Instead, we find ourselves faced with frustrating piles of digital trash that slows progress instead of hastening it.

Big data is a means for better recruiting, through number knowledge and practical application. Understanding which job boards work best and at the best cost, which recruiters are the most efficient in a given medium, even how well the referral program operates and the like, is crucial to minimizing the time to hire from an extraordinarily lengthy process back to the quick (but complex) human interaction it should be. After all, who’s to say your recruitment messaging isn’t getting lost in the noise?
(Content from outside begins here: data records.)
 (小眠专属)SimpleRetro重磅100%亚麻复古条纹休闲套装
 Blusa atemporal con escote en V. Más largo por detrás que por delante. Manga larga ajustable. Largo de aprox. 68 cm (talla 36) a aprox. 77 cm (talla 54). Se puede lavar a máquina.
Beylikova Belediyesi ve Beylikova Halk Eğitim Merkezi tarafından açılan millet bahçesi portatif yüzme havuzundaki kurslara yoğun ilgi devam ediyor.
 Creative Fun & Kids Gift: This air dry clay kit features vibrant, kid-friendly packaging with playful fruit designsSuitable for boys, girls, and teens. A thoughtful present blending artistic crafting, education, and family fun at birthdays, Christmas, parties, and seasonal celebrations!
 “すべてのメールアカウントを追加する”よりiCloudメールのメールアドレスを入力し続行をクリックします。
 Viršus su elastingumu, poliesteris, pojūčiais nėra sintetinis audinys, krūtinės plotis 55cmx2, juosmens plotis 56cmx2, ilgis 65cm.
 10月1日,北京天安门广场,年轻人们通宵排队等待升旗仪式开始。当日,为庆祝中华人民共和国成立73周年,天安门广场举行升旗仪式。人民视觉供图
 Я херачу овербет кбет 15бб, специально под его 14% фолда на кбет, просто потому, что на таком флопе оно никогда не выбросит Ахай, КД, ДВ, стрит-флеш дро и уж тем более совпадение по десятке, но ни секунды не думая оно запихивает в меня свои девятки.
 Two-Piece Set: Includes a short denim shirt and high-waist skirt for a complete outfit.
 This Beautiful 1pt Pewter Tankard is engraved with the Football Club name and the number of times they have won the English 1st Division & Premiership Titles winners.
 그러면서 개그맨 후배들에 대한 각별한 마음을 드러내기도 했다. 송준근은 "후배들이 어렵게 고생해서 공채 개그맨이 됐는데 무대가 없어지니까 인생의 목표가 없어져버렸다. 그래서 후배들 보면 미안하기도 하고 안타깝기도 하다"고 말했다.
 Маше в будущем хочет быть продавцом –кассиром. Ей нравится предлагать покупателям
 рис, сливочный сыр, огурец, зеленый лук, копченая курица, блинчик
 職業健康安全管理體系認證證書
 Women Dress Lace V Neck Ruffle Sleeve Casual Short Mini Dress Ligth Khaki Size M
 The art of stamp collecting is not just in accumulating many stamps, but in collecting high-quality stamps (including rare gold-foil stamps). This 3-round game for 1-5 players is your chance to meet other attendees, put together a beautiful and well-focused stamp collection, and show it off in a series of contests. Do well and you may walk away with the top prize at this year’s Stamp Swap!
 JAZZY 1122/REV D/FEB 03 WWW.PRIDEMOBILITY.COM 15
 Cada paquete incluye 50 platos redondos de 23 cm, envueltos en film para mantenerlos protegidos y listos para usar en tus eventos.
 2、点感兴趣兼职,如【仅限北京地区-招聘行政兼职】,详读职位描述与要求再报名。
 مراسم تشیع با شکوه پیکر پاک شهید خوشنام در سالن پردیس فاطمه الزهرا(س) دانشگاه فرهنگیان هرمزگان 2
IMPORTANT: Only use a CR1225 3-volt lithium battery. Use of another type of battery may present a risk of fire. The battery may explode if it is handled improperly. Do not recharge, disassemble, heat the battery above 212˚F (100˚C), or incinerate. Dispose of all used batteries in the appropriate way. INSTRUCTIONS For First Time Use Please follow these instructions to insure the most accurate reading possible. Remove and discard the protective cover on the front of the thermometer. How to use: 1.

  • Only 23% of organizations (or companies) say they have a strategy for big data.
  • There are 294 billion emails sent every day and over 1 billion Google searches every day.
  • 2.5 quintillion bytes of data are produced every single day.
  • Google stores 10 billion gigabytes of data every day.

That’s the goal, to move ever closer to the elusive, maybe not an entirely realistic goal of zero time to hire. Where the biggest issue is no longer finding the perfect candidate, but convincing them to move across the country or knowing just where she spends her time online so you can connect.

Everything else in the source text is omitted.